PIXAR artists earned some culinary prowess for Ratatouille
One of the many things that sets PIXAR animation apart from any of its counterparts is the team’s willingness and determination to fully immerse themselves in every facet of the subjects of their films. For example, when PIXAR was prepping to begin production for its 2007 release Ratatouille, it wasn’t enough for them to buy the latest edition of Fodor’s Guide to France. Instead, many members of the production team were required to participate in weeks of training in the culinary arts.
When it was time to animate the more than 270 food items in the film, instead of Googling a photo of ratatouille or just winging it, each of the items was prepared, then photographed, then eaten so that animators truly understood how to draw the item by looking at it and enjoying it. Incidentally, if you are like me and saw Ratatouille, then raced to the market the next day for all the ingredients for the dish, and prepared it (telling myself that my little ones would eat all those veggies simply because they were from a PIXAR movie), only to be disappointed because my ratatouille didn’t look like the ratatouille on food critic Anton Ego’s plate, it may ease your mind to know that there are dozens of variations of the dish; the variation of ratatouille that Ego enjoys at Gusteau’s when he dines so that he can write a review of the establishment is called confit byaldi.
PIXAR’s kind of creativity takes a very long time to produce.
Animation of any kind is a painstakingly detailed and sometimes exhausting process. And PIXAR’s computer-generated 3D modeling and animation is no exception. In fact, in many ways, PIXAR’s process sets the standard in CGI animation. The creators, story writers, directors, animators, and producers at PIXAR are dedicated to doing things well, and they aren’t corner-cutters. The processes associated with CGI animation are extremely time-consuming, requiring several more steps along the process than traditional two-dimensional animation.

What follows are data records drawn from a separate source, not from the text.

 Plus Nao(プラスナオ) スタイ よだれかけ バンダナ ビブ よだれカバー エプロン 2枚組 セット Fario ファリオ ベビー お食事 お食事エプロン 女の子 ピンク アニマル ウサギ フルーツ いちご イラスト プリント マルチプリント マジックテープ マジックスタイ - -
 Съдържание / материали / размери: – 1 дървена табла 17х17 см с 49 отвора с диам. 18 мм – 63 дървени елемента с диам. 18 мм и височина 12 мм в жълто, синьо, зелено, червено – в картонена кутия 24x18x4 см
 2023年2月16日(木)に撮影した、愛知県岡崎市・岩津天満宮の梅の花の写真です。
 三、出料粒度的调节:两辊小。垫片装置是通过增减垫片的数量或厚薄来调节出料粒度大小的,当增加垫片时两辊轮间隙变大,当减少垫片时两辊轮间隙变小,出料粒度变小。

That’s only one reason that the production of a PIXAR film is a multi-year process. In addition to the lengthy animation process any production house faces, a PIXAR film is also chock full of hidden items called “Easter eggs” that usually serve as nods to other PIXAR projects or to something personal for the animators, such as the number A113, which appears one time in every single PIXAR film. “A113” is the number of the room at CalArts (California Institute of Arts in Valencia, California) where many of PIXAR’s animators studied. These extras take extra time to produce.

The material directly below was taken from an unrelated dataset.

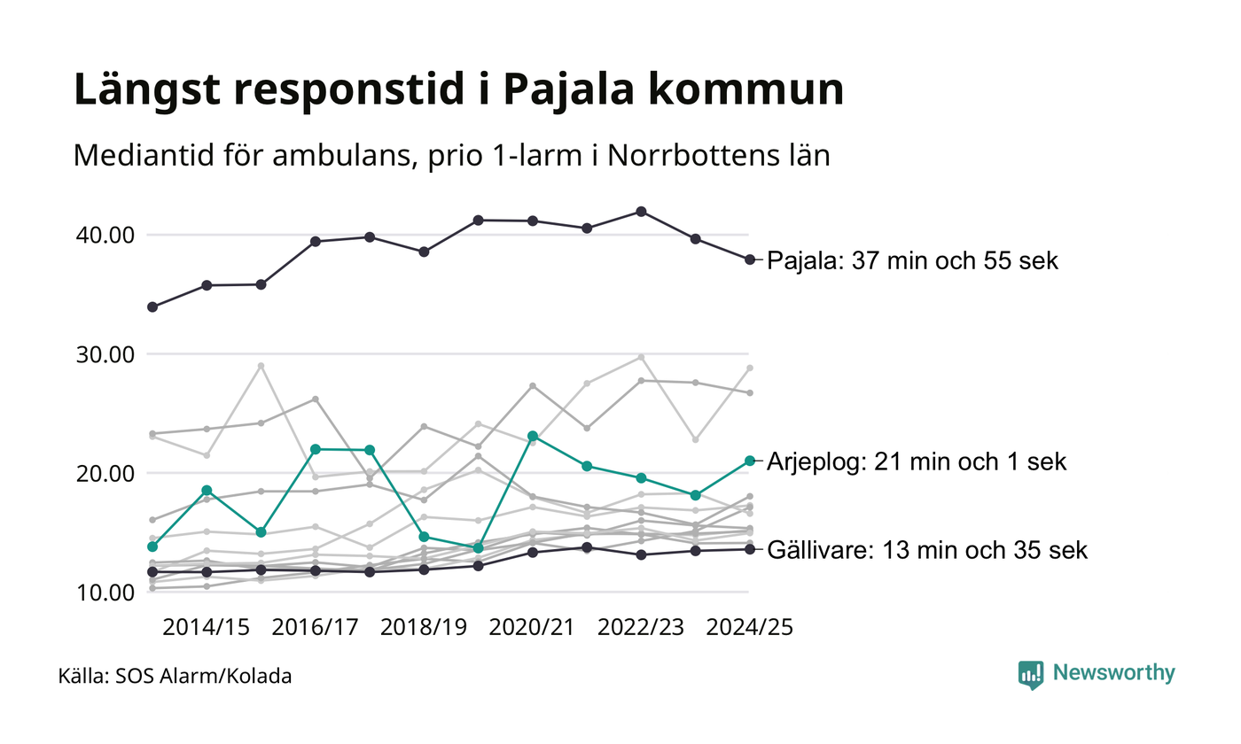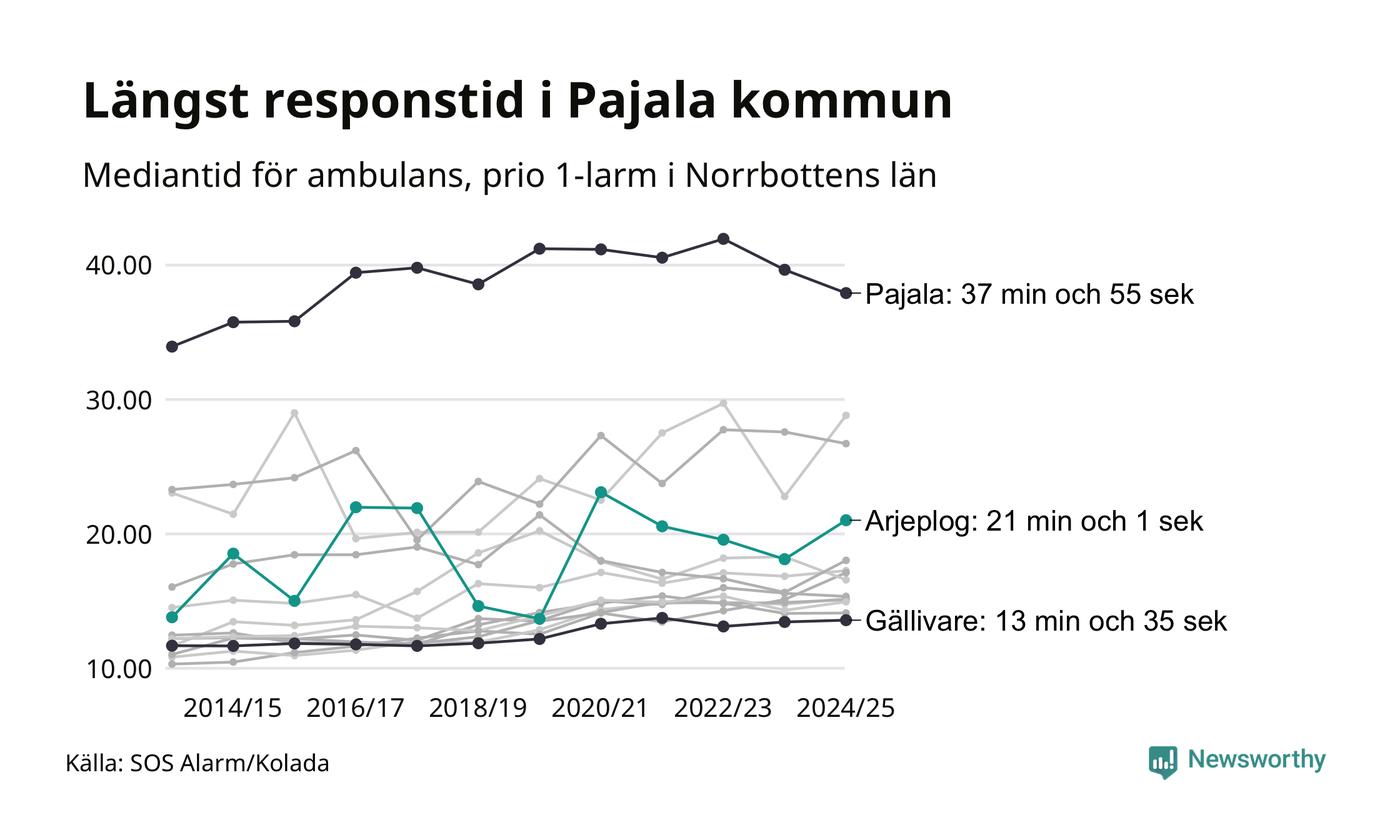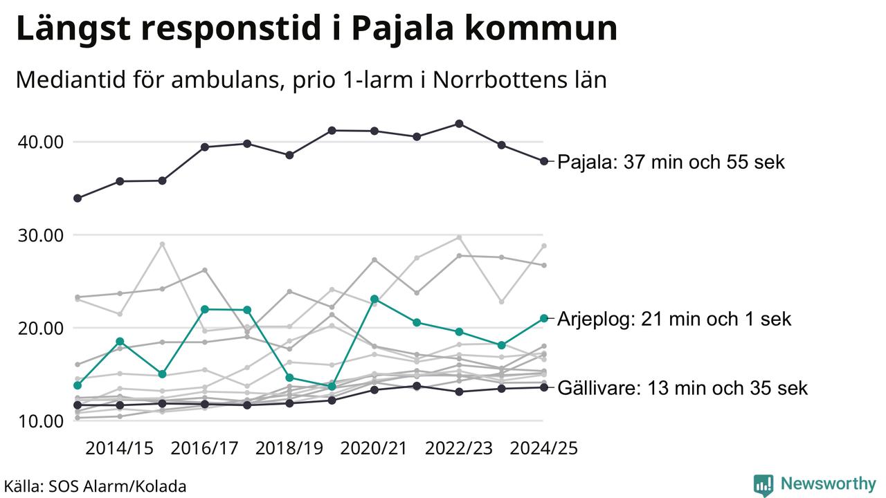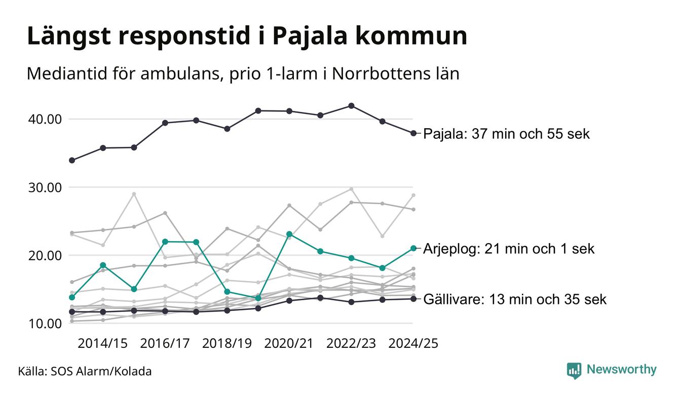 Det tar 21 minuter och 1 sekund från att 112-samtalet når larmcentralen till att ambulansen är på plats i Arjeplogs kommun. Det visar de senaste siffrorna från SOS Alarm. Tiden är en mediantid för alla prio 1-larm mellan 1 juni 2024 och 31 maj 2025 och ett nyckeltal som redovisas varje år.
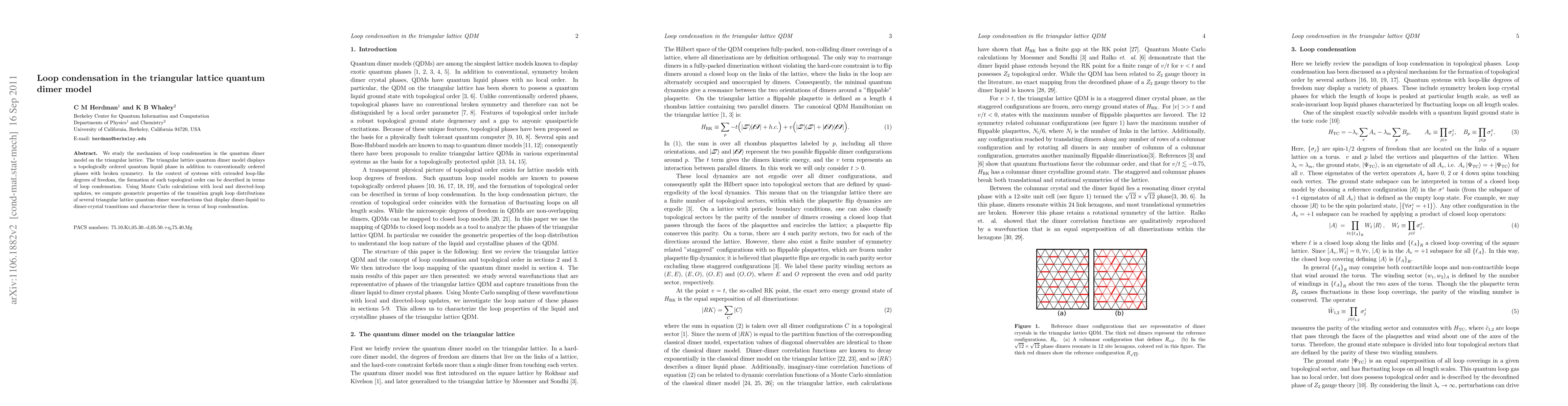 This research investigates the loop condensation mechanism in the triangular lattice quantum dimer model, demonstrating topologically ordered quantum liquid phases. Using Monte Carlo simulations, it computes loop distribution properties and characterizes transitions between dimer-liquid and dimer-crystal phases via loop condensation.

During PIXAR’s production of Up, each animator produced an average of only 4 seconds of footage per workweek. During the studios’ work on Toy Story 2, the most progress animators made in a single week was five minutes and 42 seconds of footage. While we don’t have the production timeline for Monsters, Inc., we know it must have also been lengthy, as Sulley has more than 25,000 “key” hairs in his fur that drive the motion of the other hairs–all 2.3 million of them! This is why Sulley’s fur looks so real. And during the production of PIXAR’s Inside Out, an average image took almost 30 hours to render, which included determining the colors of each pixel within the image.
And if only one computer had to render all of the Monsters University film, it would have taken that single computer 10,000 years to do so. (And that’s with PIXAR’s own in-house developed rendering software!)
It must take an almost unreal amount of patience to produce a PIXAR film, and it must be a labor of love. But thankfully, that labor and that love are evident in every PIXAR film that comes down the studios’ production line.